Temporal Integration

This page is for contributors working on Pipelex internals. If you're deploying or operating Pipelex on Temporal, see the user-facing Distributed Execution with Temporal guide instead.

This page covers the Temporal-specific mechanisms that enable distributed pipe execution. For the general pipe routing architecture (shared between direct and distributed modes), see Pipe Routing & Execution.


The Three Challenges

Distributing pipe execution across separate worker processes introduces three challenges that don't exist in direct (single-process) mode:

  1. Pipe resolution — Controllers call get_required_pipe() to resolve child pipes. The worker's library must contain those pipes.
  2. Dynamic class deserialization.mthds bundles generate Python classes at runtime (e.g., RawText inheriting from TextContent). The worker must have those classes registered before deserializing WorkingMemory.
  3. Concurrent isolation — Multiple workflows running on the same worker may define conflicting class/pipe names. Each workflow needs its own scoped registry and library.

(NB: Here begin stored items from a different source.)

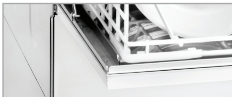
Porte double paroi

Stainless steel washing and rinsing arms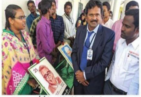
పీలేరు, జనవరి 24 ప్రభాతవార్త దేశాన్ని బానిసత్వ సంకెళ్ళనుండి విముక్తి కలిగించేందుకు ఎంతోమంది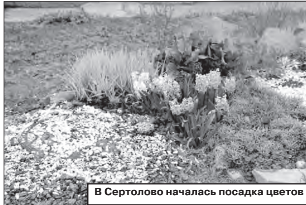
В Сертолово началась посадка цветов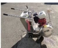
コンクリートカッター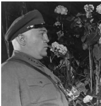
Начальник Управління прикордонної охорони і військ ОДПУ СРСР М.П. Фриновський біля труни голови ОДПУ СРСР В.Р. Менжинського (Москва, 14 травня 1934 р.)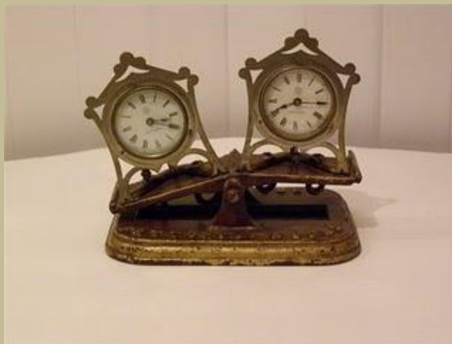
Primer reloj utilizado en la historia del ajedrez

El reloj de ajedrez consiste en dos relojes que contabilizan el tiempo invertido por cada jugador para pensar sus jugadas. Cada botón apaga el reloj propio y prende el del rival. Los jugadores veloces piensan usando el tiempo del otro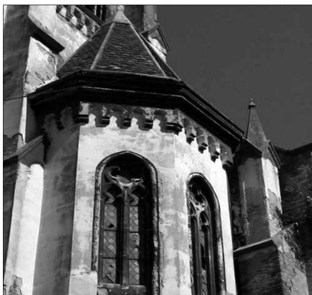
A módosi római katolikus templom (részlet)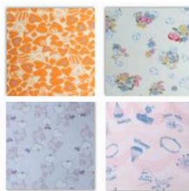
<マリッカ・バラデ4柄>

また、テキスタイルデザイナーチーム「マリッカ・バラデ」とのコラボレーションは昨年に引き続き実施し、ネコやチェリーなど女性に人気のモチーフを中心に新デザインで4柄を取り揃えました。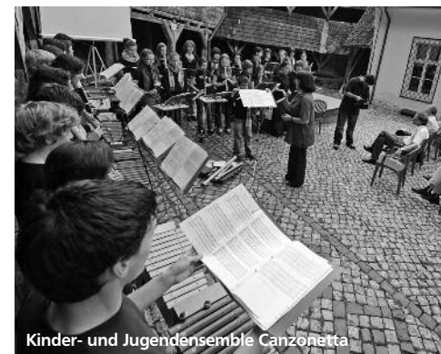
Kinder- und Jugendensemble Canzonetta

Verband evangelischer Kirchenmusikerinnen und Kirchenmusiker in Deutschland

These are solved by three mechanisms: LibraryCrate propagation, deferred hydration, and per-workflow scoping.


LibraryCrate

A LibraryCrate is a serializable snapshot of the library — two flat dicts of blueprints:

class LibraryCrate(BaseModel):
    concepts: dict[str, ConceptBlueprint | str]  # concept_ref -> blueprint or description
    pipes: dict[str, PipeBlueprintUnion]          # pipe_ref -> blueprint
    domains: dict[str, DomainBlueprint]           # domain_code -> domain metadata
    source_map: dict[str, str]                    # ref -> source file (error traceability)
    fingerprint: str                              # SHA256 of serialized content

Domain is encoded in the dictionary keys (e.g., scoring.WeightedScore, scoring.compute_score), not in a structural container. domains carries per-domain metadata (description, system prompt). source_map enables error messages that trace back to origin files. The fingerprint enables idempotent loading — if a worker already loaded a crate with the same fingerprint, it skips the reload.

How it propagates

sequenceDiagram
    participant S as Submitter
    participant W as Worker

    S->>S: Load library, build LibraryCrate
    S->>W: PipeJob (crate attached)

    Note over W: WfPipeRouter.run()
    W->>W: load_from_crate(crate)
    W->>W: pipe.run_pipe()

    Note over W: Controller dispatches child
    W->>W: PipeRouterChild → child workflow
    Note over W: Child WfPipeRouter.run()
    W->>W: load_from_crate(same crate)
    W->>W: child pipe.run_pipe()

    W->>S: PipeOutput (dehydrated)
    S->>S: Hydrate PipeOutput

Every child workflow receives the crate through its PipeJob. Each WfPipeRouter loads the crate into its own scoped library. This ensures every workflow — parent or child, on any worker — can resolve all pipes.

Visibility

The LibraryCrate is a Pydantic model. Temporal serializes it as structured JSON in the workflow input, making it fully visible in the Temporal dashboard — not opaque bytes.


Deferred Hydration

The chicken-and-egg problem

Temporal's data converter deserializes payloads (workflow inputs and return values) using Kajson, which needs dynamic concept classes registered to reconstruct typed WorkingMemory. But those classes only get registered when the LibraryCrate is loaded inside the workflow. This creates two deserialization gaps:

  1. Input: The PipeJob workflow input contains WorkingMemory with dynamic classes that don't exist yet on the worker.
  2. Output: A child workflow's PipeOutput return value contains WorkingMemory with dynamic classes. The parent's data converter runs in the Temporal SDK's event processing context (outside the workflow coroutine's ContextVar scope), so it can't access the parent's per-workflow class registry.

The solution

Both PipeJob and PipeOutput carry a working_memory_raw field for deferred hydration:

class PipeJob(BaseModel):
    working_memory: WorkingMemory | None = None
    working_memory_raw: dict[str, Any] | None = None
    library_crate: LibraryCrate | None = None

class PipeOutput(PipeOutputAbstract[WorkingMemory]):
    working_memory: WorkingMemory = Field(default_factory=WorkingMemory)
    working_memory_raw: dict[str, Any] | None = None

Input dehydration/hydration cycle:

  • Before dispatch, PipeJob.prepare_for_temporal() moves working_memory to working_memory_raw (a plain dict via dump_for_temporal()).
  • After the worker loads the crate, WfPipeRouter hydrates the raw dict back to typed WorkingMemory.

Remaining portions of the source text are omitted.